1000 Genomes Projects dataset description

The data from the 1000 Genomes project is a very large catalog of human genetic variants. The project aims to determine genetic variants with frequencies higher than 1% in the populations studied. The data has been made openly available and freely accessible through public data repositories to scientists worldwide. Also, the data from the 1000 Genomes project is widely used to screen variants discovered in exome data from individuals with genetic disorders and in cancer genome projects.

The genotype dataset in Variant Call Format (VCF) provides the data of human individuals (that is, samples) and their genetic variants, and in addition, the global allele frequencies as well as the ones for the super populations. The data denotes the population's region for each sample which is used for the predicted category in our approach. Specific chromosomal data (in VCF format) may have additional information denoting the super-population of the sample or the sequencing platform used. For multiallelic variants, each alternative allele frequency (AF) is presented in a comma-separated list, shown as follows:

1 15211 rs78601809 T G 100 PASS AC=3050;
AF=0.609026;
AN=5008;
NS=2504;
DP=32245;
EAS_AF=0.504;
AMR_AF=0.6772;
AFR_AF=0.5371;
EUR_AF=0.7316;
SAS_AF=0.6401;
AA=t|||;
VT=SNP

The AF is calculated as the quotient of Allele Count (AC) and Allele Number (AN) and NS is the total number of samples with data, whereas _AF denotes the AF for a specific region.

The 1000 Genomes Project started in 2008; the consortium consisted of more than 400 life scientists and phase 3 finished in September 2014 covering 2,504 individuals from 26 populations (that is, ethnic backgrounds) in total. In total, over 88 million variants (84.7 million single nucleotide polymorphisms (SNPs), 3.6 million short insertions/deletions (indels), and 60,000 structural variants) have been identified as high-quality haplotypes.

In short, 99.9% of the variants consist of SNPs and short indels. Less important variants—including SNPs, indels, deletions, complex short substitutions, and other structural variant classes—have been removed for quality control. As a result, the third phase release leaves 84.4 million variants.

Each of the 26 populations has about 60-100 individuals from Europe, Africa, America (South and North), and Asia (South and East). The population samples are grouped into super-population groups according to their predominant ancestry: East Asian (CHB, JPT, CHS, CDX, and KHV), European (CEU, TSI, FIN, GBR, and IBS), African (YRI, LWK, GWD, MSL, ESN, ASW, and ACB), American (MXL, PUR, CLM, and PEL), and South Asian (GIH, PJL, BEB, STU, and ITU). For details, refer to Figure 1:

Figure 1: Geographic ethnic groups from 1000 Genomes project's release 3 (source http://www.internationalgenome.org/)

The released datasets provide the data for 2,504 healthy adults (18 years and older, third project phase); only reads with at least 70 base pairs (bp) have been used until more advanced solutions are available. All genomic data from all samples were combined to attribute all variants to a region. However, note that specific haplotypes may not occur in the genomes of a particular region; that is, the multi-sample approach allows attributing variants to an individual's genotype even if the variants are not covered by sequencing reads from that sample.

In other words, overlapping reads are provided and the single sample genomes have not necessarily been consolidated. All individuals were sequenced using both of these:

  • Whole-genome sequencings (mean depth = 7.4x, where x is the number of reads, on average, that are likely to be aligned at a given reference bp)
  • Targeted exome sequencing (mean depth = 65.7x)
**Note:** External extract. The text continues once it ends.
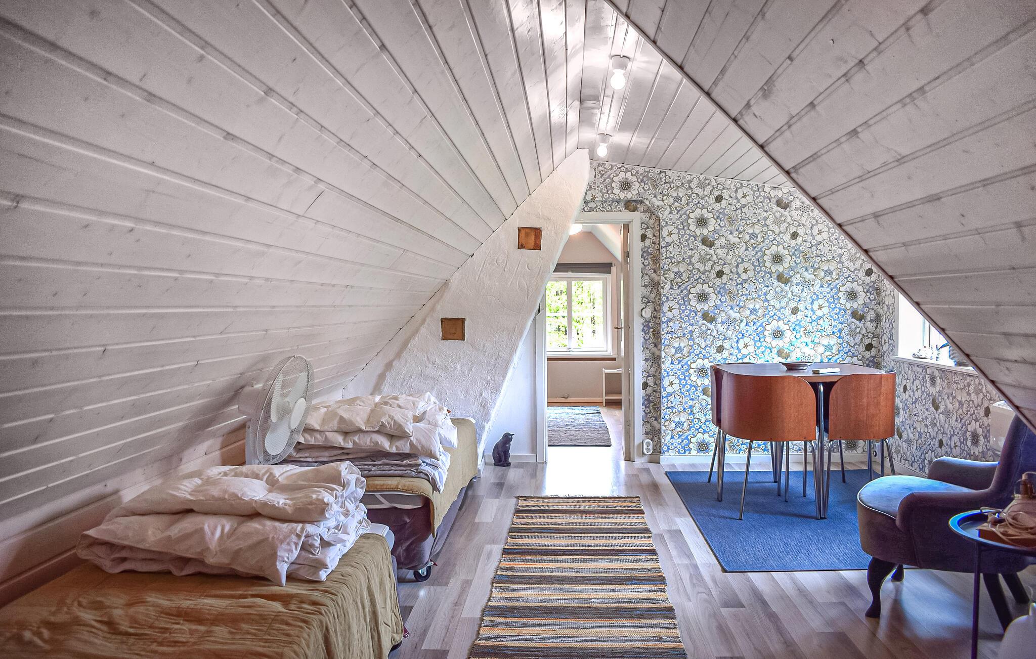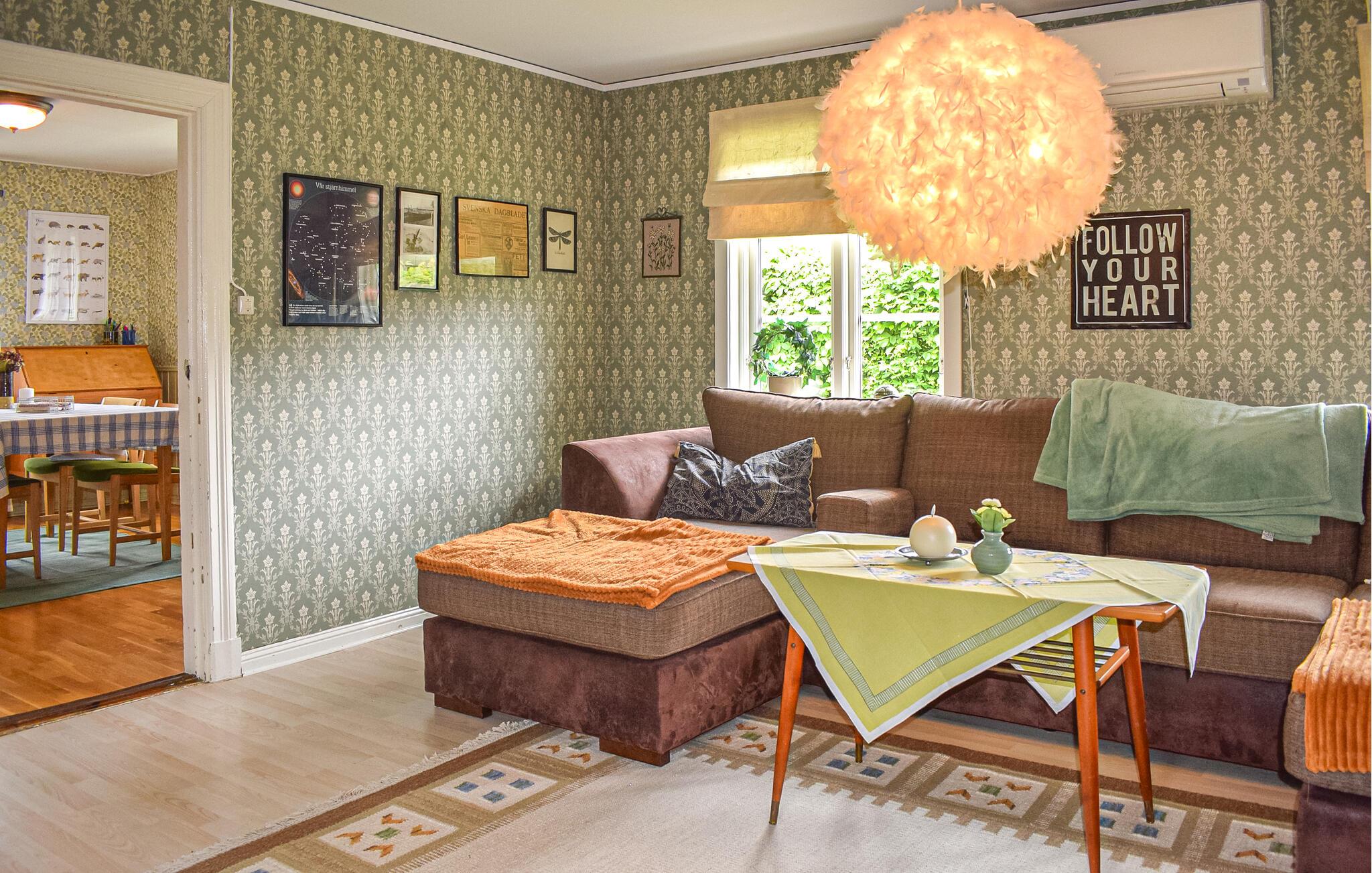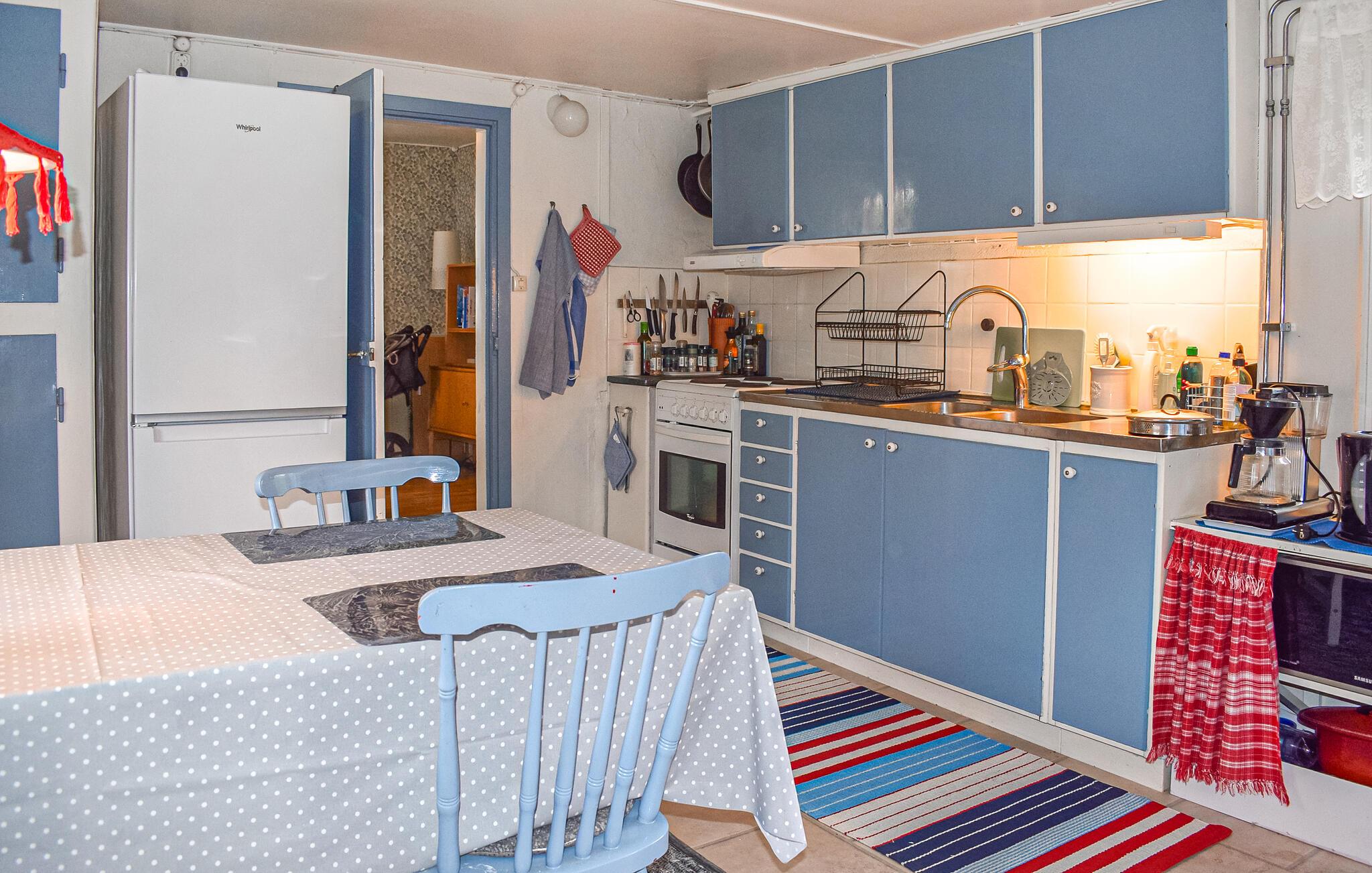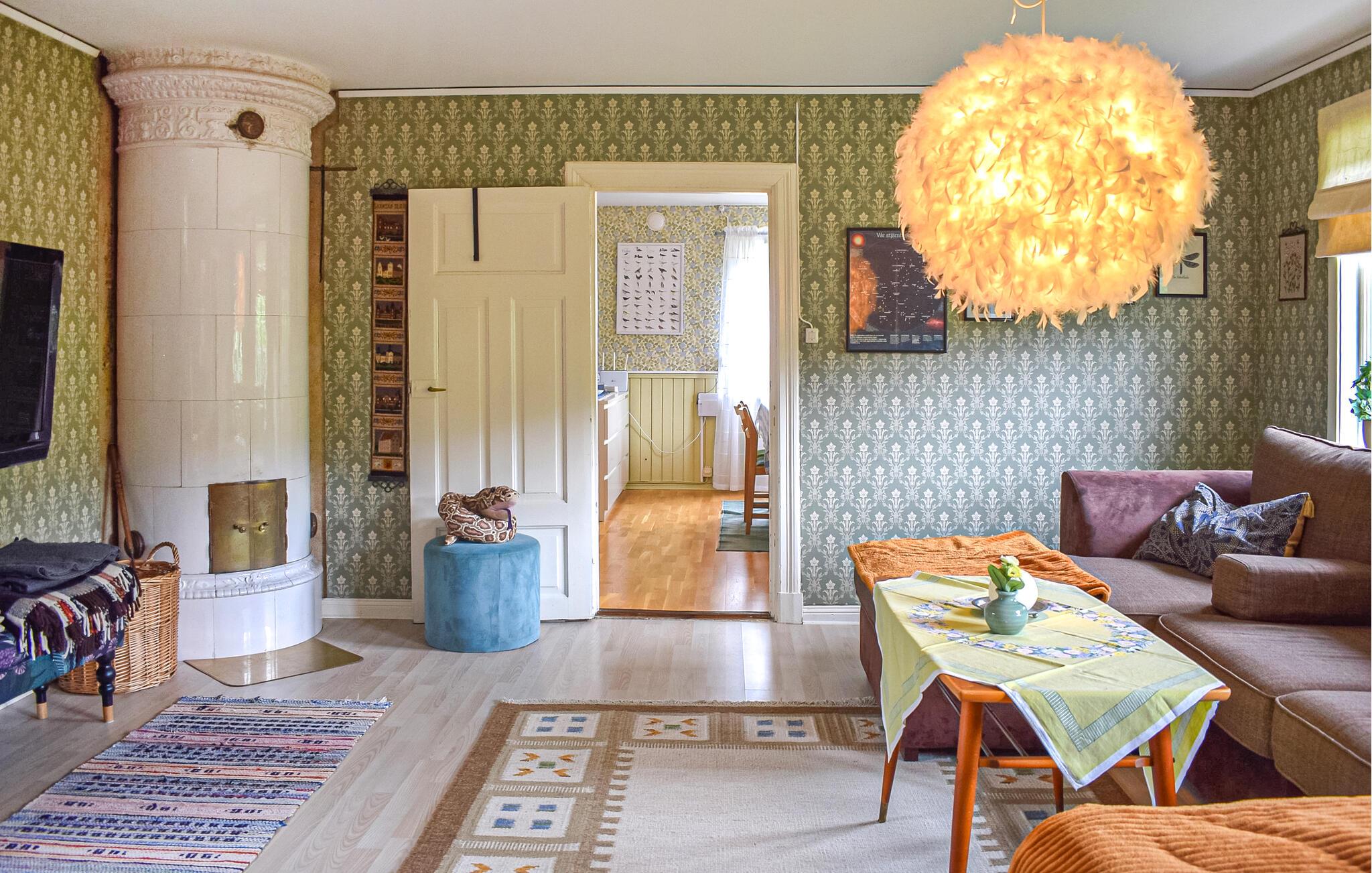 Dette kjærlig innredede feriehuset ønsker deg velkommen med et lyst og romslig interiør og en sjarmerende kombinasjon av nostalgisk stil og moderne detaljer - det ideelle stedet for å komme seg bort fra alt sammen med dine nærmeste. Her kan du trylle frem deilige retter av fersk sopp, slappe av i gyngestolen eller nyte den koselige atmosfæren under harmoniske spillkvelder eller rolige leseøkter.

In addition, individuals and their first-degree relatives such as an adult offspring were genotyped using high-density SNP microarrays. Each genotype comprises all 23 chromosomes and a separate panel file denotes the sample and population information. Table 1 gives an overview of the different releases of the 1000 Genomes project:

Table 1 – Statistics of the 1000 Genomes project's genotype dataset (source: http://www.internationalgenome.org/data)

1000 genome release

Variants

Individual

Populations

File format

Phase 3

Phase 3

2,504

26

VCF

Phase 1

37.9 million

1,092

14

VCF

Pilot

14.8 million

179

4

VCF

 

The AF in the five super-population groups, EAS=East Asian, EUR=European, AFR=African, AMR=American, SAS=South Asian populations are calculated from allele numbers (AN, range= [0, 1]).